Extracted information START

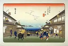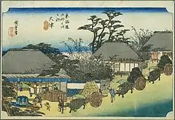 Ōtsu-juku dans les années 1830, estampe de Hiroshige de la série Les Cinquante-trois Stations du Tōkaidō.
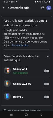 - et en-dessous : Appareils compatibles avec la validation automatique... : il y a mes 3 Appareils SFR ;
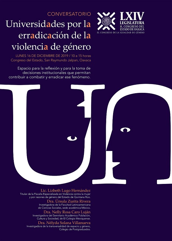 San Raymundo Jalpan, Oaxaca, Viernes 13 de Diciembre, 2019 (Fuente: Comunicado).- Con el objetivo de identificar medidas y espacios de intervención institucional de las universidades públicas y privadas del estado de Oaxaca, para la erradicación de la violencia contra las mujeres, tanto al interior de las universidades como hacia el resto de la sociedad, el Congreso del Estado realizará este lunes 16 de diciembre el conversatorio, Universidades por la erradicación de la violencia de género.
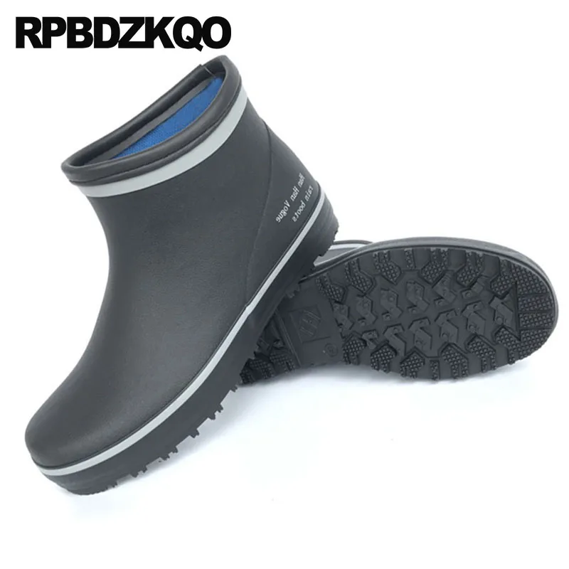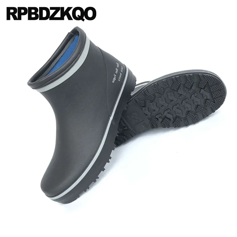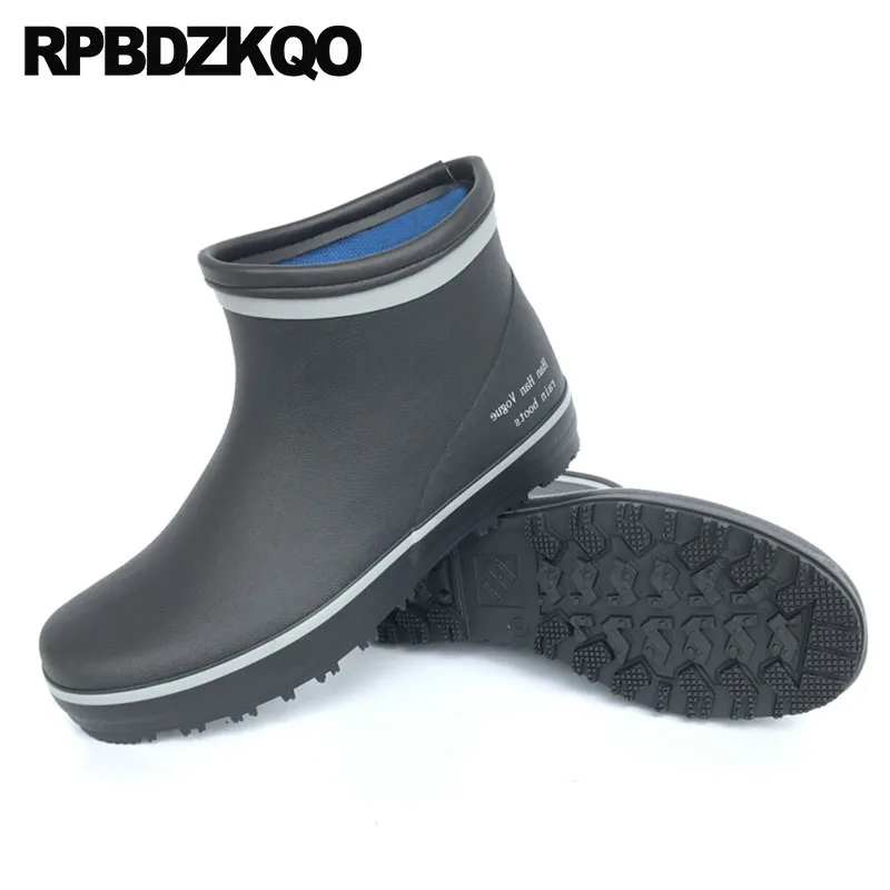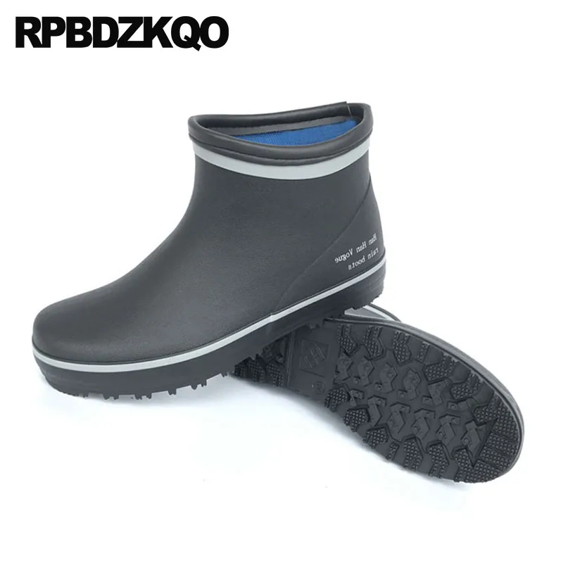 обувь туфли водонепроницаемый батильоны черный осень повседневная плоские 2018 резиновые сапоги для рыбалки мужская галоши Плюс размер короткие ботильоны слипоны пвх мода удобные удобная высокие сверху
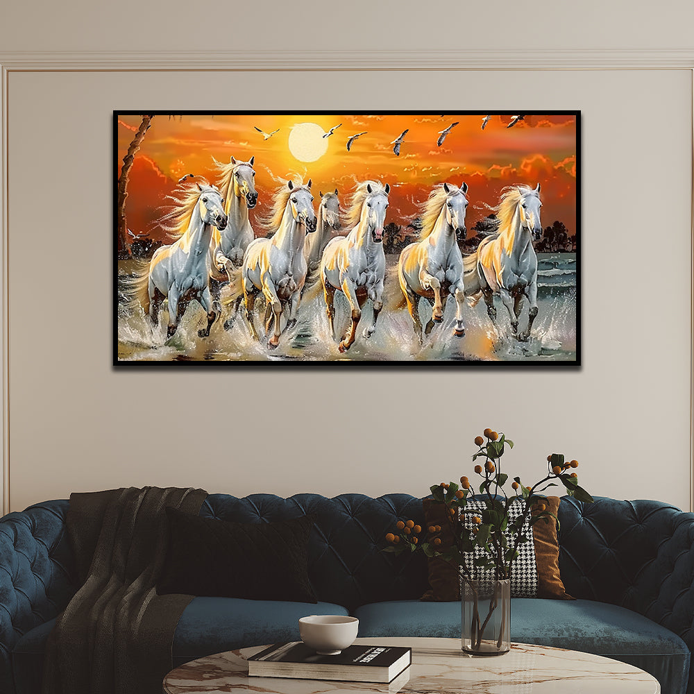 7 Running Horses at Sunrise Vastu Canvas Wall Painting with Floating Frame
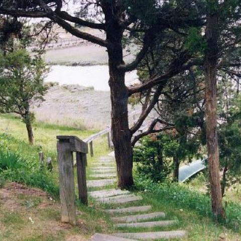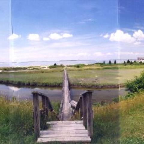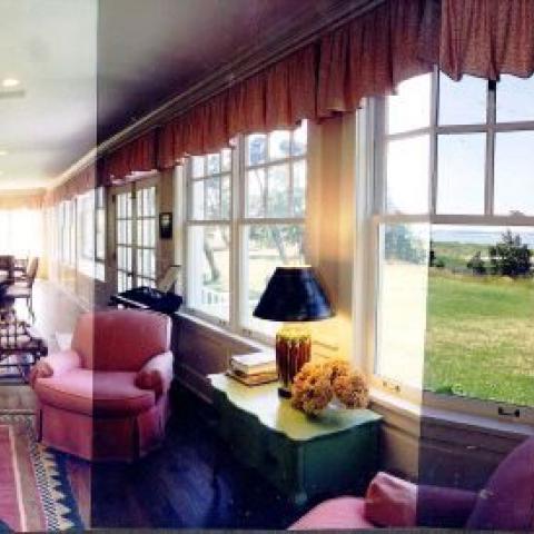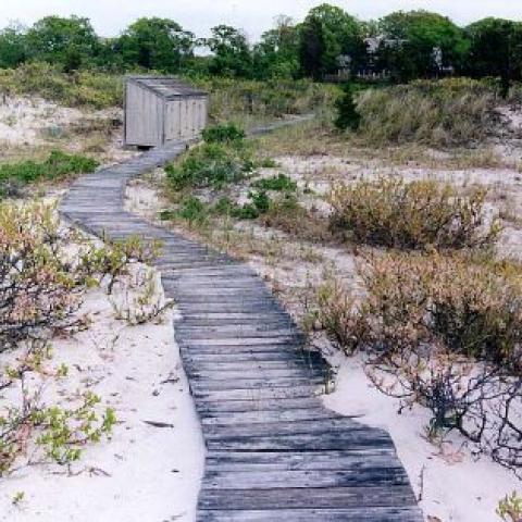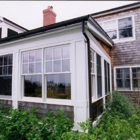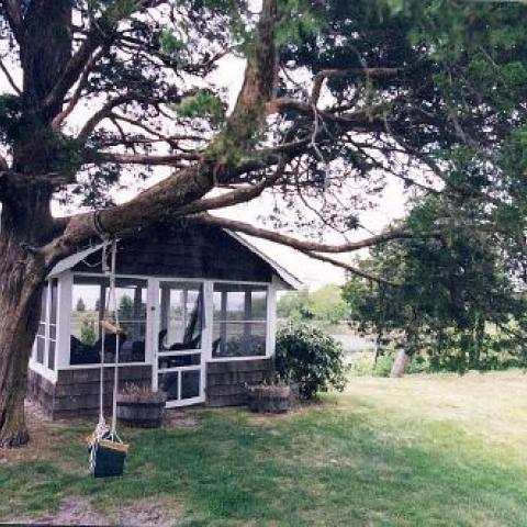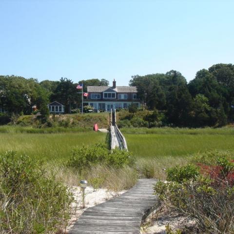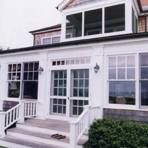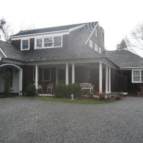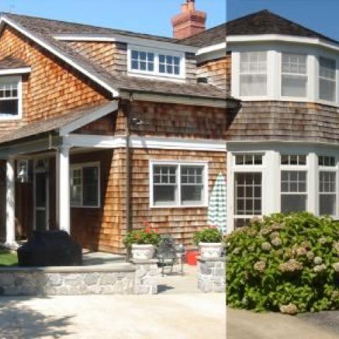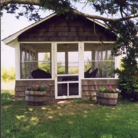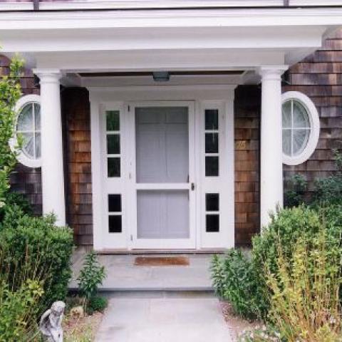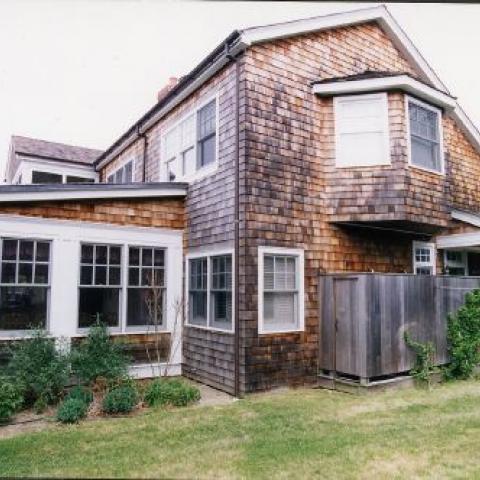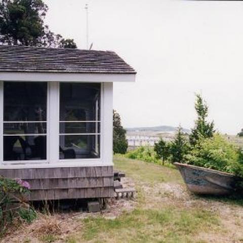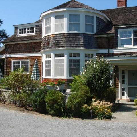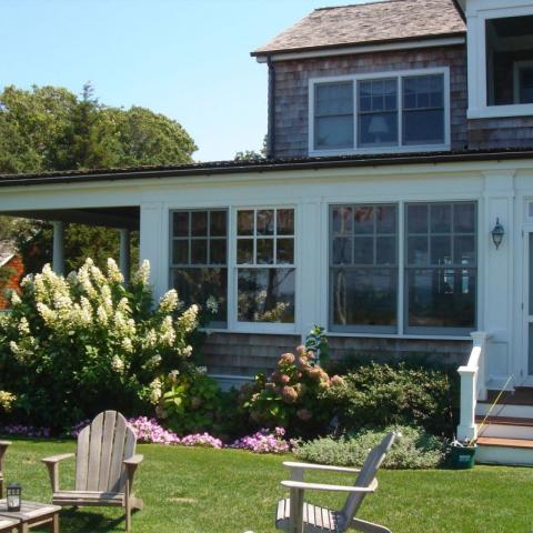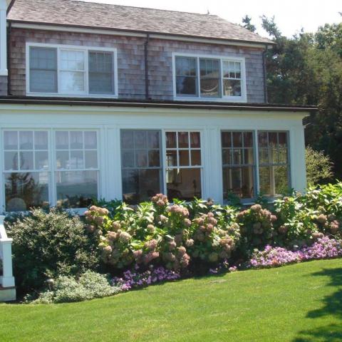 Hamptons shingled garden beach patio

Extracted information END

Every line of the data above is to be repeated exactly; the images are to be left out.

Exercise output —
 Ōtsu-juku dans les années 1830, estampe de Hiroshige de la série Les Cinquante-trois Stations du Tōkaidō.
 - et en-dessous : Appareils compatibles avec la validation automatique... : il y a mes 3 Appareils SFR ;
 San Raymundo Jalpan, Oaxaca, Viernes 13 de Diciembre, 2019 (Fuente: Comunicado).- Con el objetivo de identificar medidas y espacios de intervención institucional de las universidades públicas y privadas del estado de Oaxaca, para la erradicación de la violencia contra las mujeres, tanto al interior de las universidades como hacia el resto de la sociedad, el Congreso del Estado realizará este lunes 16 de diciembre el conversatorio, Universidades por la erradicación de la violencia de género.
 обувь туфли водонепроницаемый батильоны черный осень повседневная плоские 2018 резиновые сапоги для рыбалки мужская галоши Плюс размер короткие ботильоны слипоны пвх мода удобные удобная высокие сверху
 7 Running Horses at Sunrise Vastu Canvas Wall Painting with Floating Frame
 Hamptons shingled garden beach patio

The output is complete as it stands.